Читать книгу Una familia bajo la nieve - Monica Zwaig - Страница 12

8. El paso del tiempo

Оглавление

En los noventa seguíamos ahí, en Francia, y estábamos por convertirnos en la familia Ingalls. Vivíamos en una casa con chimenea, jardín y un perro. Mi papá había hecho grabar el nombre de la casa en una insignia de hierro y “La Mascota” se había convertido en nuestro hogar, ahí en el impasse en el que vivíamos.

Nos habíamos perdido el tren del regreso de los exiliados en los ochenta. La escalera social francesa se había transformado en una escalera mecánica. Mi hermana estudiaba violín; mi hermano, saxofón. A mí me habían puesto a estudiar piano. Mi hermanita más chica había nacido sin ninguna obligación de hacer nada. Mamá tenía la obligación de cuidarnos a todos y prepararnos de comer mientras papá iba al trabajo y traía el dinero que hacía funcionar el motor del sistema. En casa todos hablábamos francés y nuestro vínculo con el castellano, además de algunas visitas de mis abuelos, era por las canciones de Julio Iglesias, que era furor en Francia en esa época, y porque mamá era su fan incondicional.

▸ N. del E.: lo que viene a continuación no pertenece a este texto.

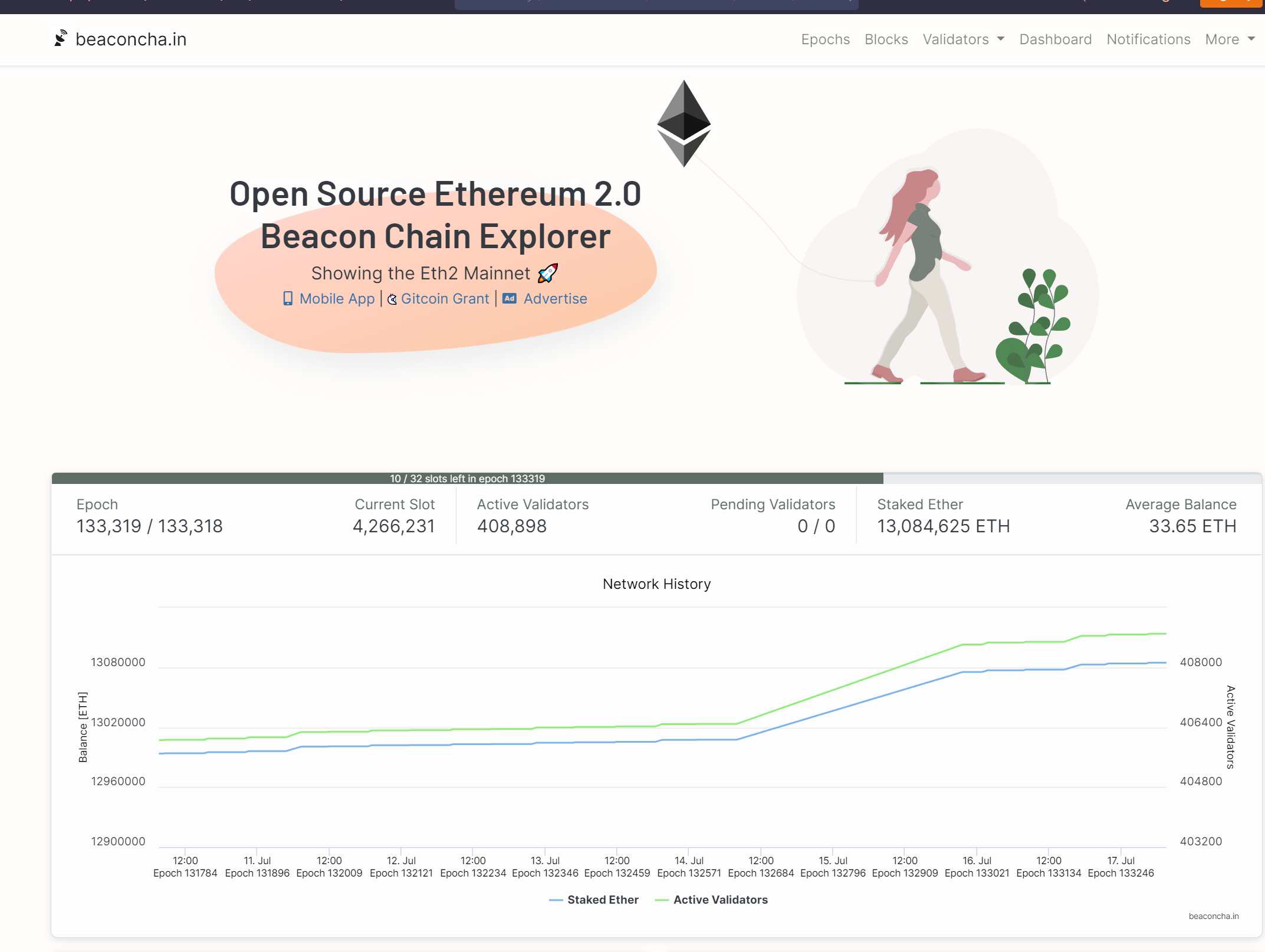Chuỗi Beacon Chain ra mắt vào tháng 12/2020, hoạt động theo phương thức bằng chứng cổ phần, giúp nhà đầu tư có thể staking tùy thích số ETH mà họ đang có. Những con số ấn tượng mà Beacon Chain đã đạt được: 400.000 người xác thực (validator) với 12 triệu ETH tương đương 9,9% nguồn cung token đang lưu hành. Điều này đã phần nào khẳng định sự tin tưởng của người dùng Ethereum cũng như cộng đồng tiền điện tử vào bản cập nhật The Merge sắp tới.

La abuela Rosa vivía sola, por su cuenta, y también había aprendido a hablar francés. Cada vez que iba a trabajar o salía de su casa para ir a la iglesia o hacer las compras se ponía polvo blanco en la cara y decía “En la vida, es mejor ser blanco”. Como ella, nos fundíamos perfectamente todos en el decoro del paisaje francés porque el paso del tiempo es a la vez el mejor amigo y el peor enemigo del extranjero.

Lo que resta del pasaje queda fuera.